The shepherds return to work on Christmas night “glorifying and praising God for all the things they had heard and seen” (Luke 2:20). God’s people join them on this Christmas Day because God has graced us with perhaps even more than God graced those shepherds. God has, after all, justified God’s adopted sons and daughters by God’s grace so that we’re now the recipients of “the hope of eternal life” (elpida zoes aioniou) (7).

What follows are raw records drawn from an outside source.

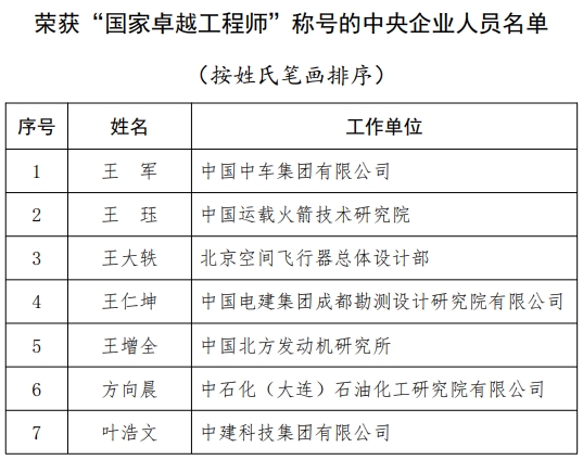 中央企業(yè)共有王軍等29名工程科技人才榮獲“國家卓越工程師”稱號,400萬噸/年煤間接液化成套技術(shù)創(chuàng)新開發(fā)及產(chǎn)業(yè)化團(tuán)隊等20個團(tuán)隊榮獲“國家卓越工程師團(tuán)隊”稱號。
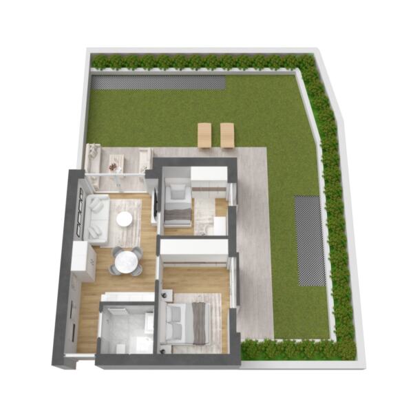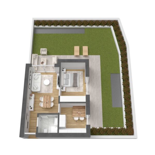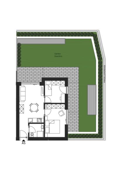 Questo trilocale al piano terra vanta una disposizione ben progettata: dispone di una cucina moderna, una confortevole zona giorno, una camera da letto e un bagno. Il giardino privato e l'ampia terrazza estendono lo spazio abitativo all'aperto, creando un rifugio idilliaco con vista sulle montagne circostanti.
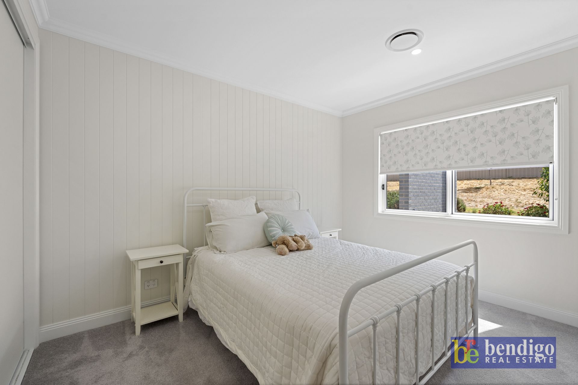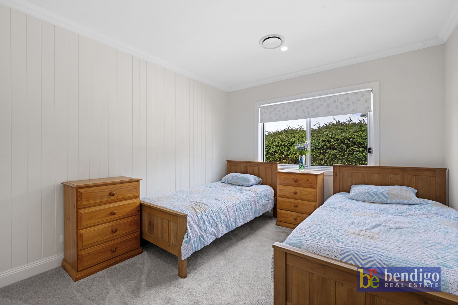 The further three bedrooms are at the back of the home. Each has a built-in-robe, patterned blind and shiplap timber feature wall. The family bathroom is a standout, with its separate powder room, wide shower and deep bath, both with marble herringbone tiled niches.
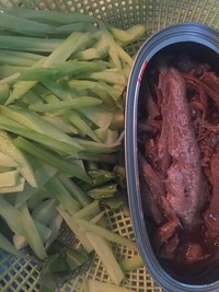 Tip:油要少,凤尾鱼罐头里的卤汁不要全用,太油腻。我就没注意这个,结果菜太油了。下次注意。
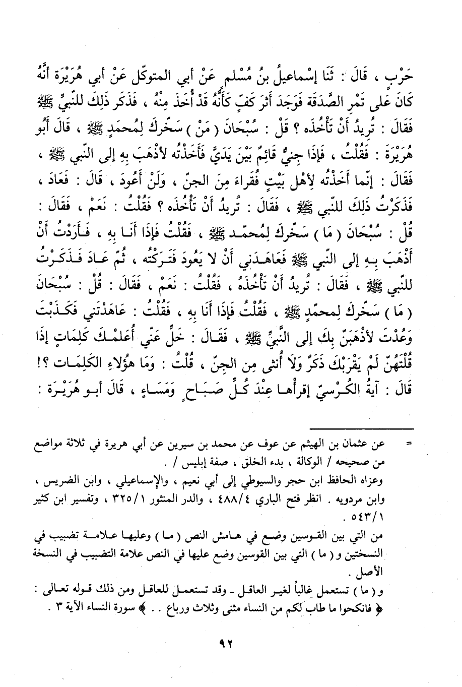 حَرْب قَالَ ثَنَا إِسْمَاعِيل بن مُسلم عَن أبي المتَوَكل عَن أبي هُرَيْرَة أَنه كَانَ على تمر الصَّدَقَة فَوجدَ أثر كف كَأَنَّهُ قد أَخذ مِنْهُ فَذكر ذَلِك للنَّبِي فَقَالَ تُرِيدُ أَن تَأْخُذهُ قل سُبْحَانَ من سخرك لمُحَمد قَالَ أَبُو هُرَيْرَة فَقلت فَإِذا جني قَائِم بَين يَدي فَأَخَذته لأذهب بِهِ إِلَى النَّبِي فَقَالَ إِنَّمَا أَخَذته لأهل بَيت فُقَرَاء من الْجِنّ وَلنْ أَعُود قَالَ فَعَاد فَذكرت ذَلِك للنَّبِي فَقَالَ تُرِيدُ أَن تَأْخُذهُ فَقلت نعم فَقَالَ قل سُبْحَانَ مَا سخرك لمُحَمد فَقلت فَإِذا أَنا بِهِ فَأَرَدْت أَن أذهب بِهِ إِلَى النَّبِي فعاهدني أَن لَا يعود فتركته ثمَّ عَاد فَذكرت للنَّبِي فَقَالَ تُرِيدُ أَن تَأْخُذهُ فَقلت نعم فَقَالَ قل سُبْحَانَ مَا سخرك لمُحَمد فَقلت فَإِذا أَنا بِهِ فَقلت عاهدتني فَكَذبت وعدت لأذهبن بك إِلَى النَّبِي فَقَالَ خل عني أعلمك كَلِمَات إِذا قلتهن لم يقربك ذكر وَلَا أُنْثَى من الْجِنّ قلت وَمَا هَؤُلَاءِ الْكَلِمَات قَالَ آيَة الْكُرْسِيّ إقرأها عِنْد كل صباح وَمَسَاء قَالَ أَبُو هُرَيْرَة

Titus, in fact, lifts Christmas Day’s worshipers’ eyes beyond Bethlehem and Jesus’ first coming. As Skinner goes on to note (ibid), the Spirit uses this Sunday’s Epistolary Lesson to point us beyond the manger to things like the gift of the Holy Spirit, Christians’ adoption into God’s family as heirs, and the hope of eternal life lived in God’s glorious presence. It’s a hope that God’s adopted sons and daughters carry back to our homes, not just on Christmas Day, but also on every day with which God graces us.

Illustration

Jesus was not just an act of God’s mercy (5). He also lived a life of God’s mercy. In his book, Philemon’s Problem: The Daily Dilemma of the Christian, James T. Burtchaell notes, “Jesus was curiously unpreoccupied about the future of those who believed through him.”

“His attention went rather to those who were deprived: to the running sores of the leper; to the milky, sightless eye; to the dragging, withered leg; to the slack-mouthed village idiot; to the shrunken belly; even to the dead man in the grave. With all these he shared life as they had need.”